» **Exercise**: Aim for an exact copy of the listing, without any images.

» **Data provided**:
========================================================================

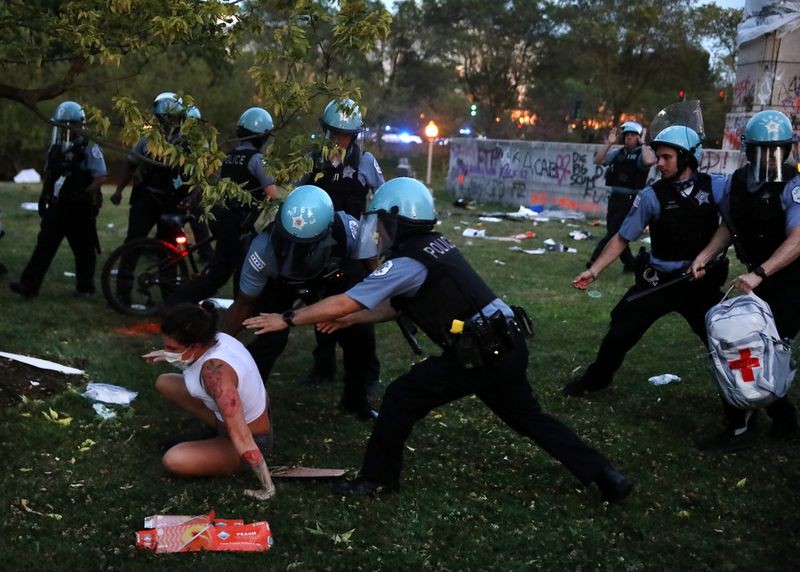 Протестующие и чикагская полиция столкнулись после того, как протестующие попытались свергнуть статую Христофора Колумба в Грант-парке после митинга, призывающего к расформированию Чикагского полицейского управления 17 июля 2020 года
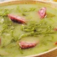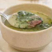 Delicioso e saboroso caldo verde, feito com batata cozida, couve e linguicinha
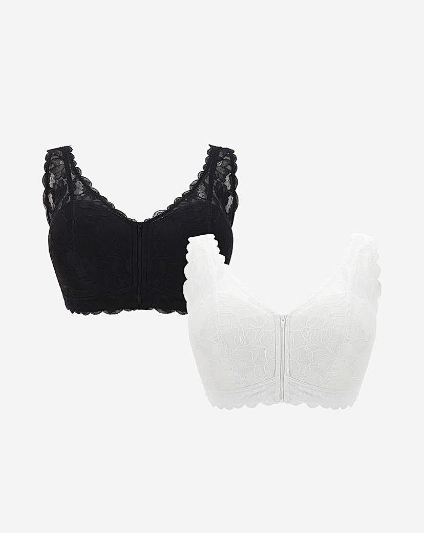 Black/White 2 Pack Zip Front Lace Trim Comfort Bras

========================================================================

» **The completed task**:
 Протестующие и чикагская полиция столкнулись после того, как протестующие попытались свергнуть статую Христофора Колумба в Грант-парке после митинга, призывающего к расформированию Чикагского полицейского управления 17 июля 2020 года
 Delicioso e saboroso caldo verde, feito com batata cozida, couve e linguicinha
 Black/White 2 Pack Zip Front Lace Trim Comfort Bras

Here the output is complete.